Color of Time
E.M. SANIGA
By: Ilya Gefter
At a first glance, Saniga may seem like a traditional painter of still lives, portraits and landscapes. But there is a mysterious intensity to his works. Imperceptible tensions transform conventional subject matter into deeply personal visions of the world.
There is something cryptic about the paintings. The artist himself is an unusual figure that does not fall into standard categories: a highly esteemed painter, and also a professor of Information Technology who has authored numerous articles on statistics and mathematical modeling. He lives on a farm in Pennsylvania but exhibits in Manhattan.
He paints rural views in the vicinity of his house. Fruits and vegetables that grow on his land, broken platters and old clothes are some of his still life characters. Saniga observes the world around him, but the pieces express more than shapes and colors of things. Painted in unpredictable yet balanced arrangements, still life objects evoke a passage of time as much as their own external appearance. Shells, vessels and shreds of pottery all speak of their age. The landscapes conjur sensations of human intervention, presence or abandonment.
Saniga’s subjects suggest stains of time and invite our prolonged contemplation. The paintings are not to be looked at quickly. Elusive subtleties of coloration and paint-handling unveil themselves gradually to the viewer. Lingering upon Saniga’s brushwork is like watching dust particles flowing through space and slowly settling on the objects. The muted coloration indeed gives a sensation of looking at the world through veils of dust. But this chromatic restraint only intensifies the enigmatic appeal of the still life forms and depths of the landscapes.
There is a vast cultural landscape of artistic traditions beneath Saniga’s representations of the visible world. Pictorial meditations on the motifs blend with a range of art-historical reveries.

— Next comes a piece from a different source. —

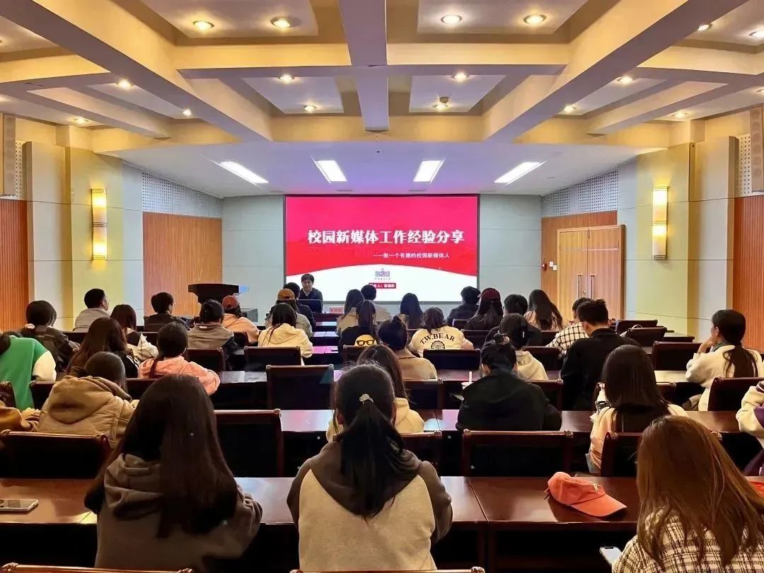 董瑞林以《校园新媒体工作经验分享——做一个有趣的校园新媒体人》为主题,结合目前媒体融合时代的形势,从校园新媒体定位、运营特点与方法论、做成熟媒体人、意外的收获四个方面向同学们分享了宣传经验和方法。他根据微信公众号、抖音、小红书和微博的特点详细剖析了不同媒体的运营策略,并引用国务院总理李强的讲话强调了调查研究的重要性。他表示,优秀的新媒体工作者应该具有文案策划能力、组织能力、担当精神和创新精神。最后,他真诚寄语同学们,要找准定位,发挥好校园新媒体的优势,链接社会资源,讲好青春故事。

Memories of ancient Roman wall paintings, late Gothic and early Renaissance frescoes are evoked. More recent pictorial languages are incorporated into the work as well: Albert Pinkham Ryder, Morandi, Balthus, Vuillard, Georges Braque are some of the Modernist masters whose artistic visions inform Saniga’s landscapes and the still life arrangements. Centuries of cultural experience are condensed into small formats of the paintings and give them a monumental presence.
Each piece is far grander than its modest size and the sum of the objects it represents. Each piece is an immersion into subtle chromatic harmonies and centuries of visual wisdom. These are paintings to be lost in amidst the noise and havoc or our reality.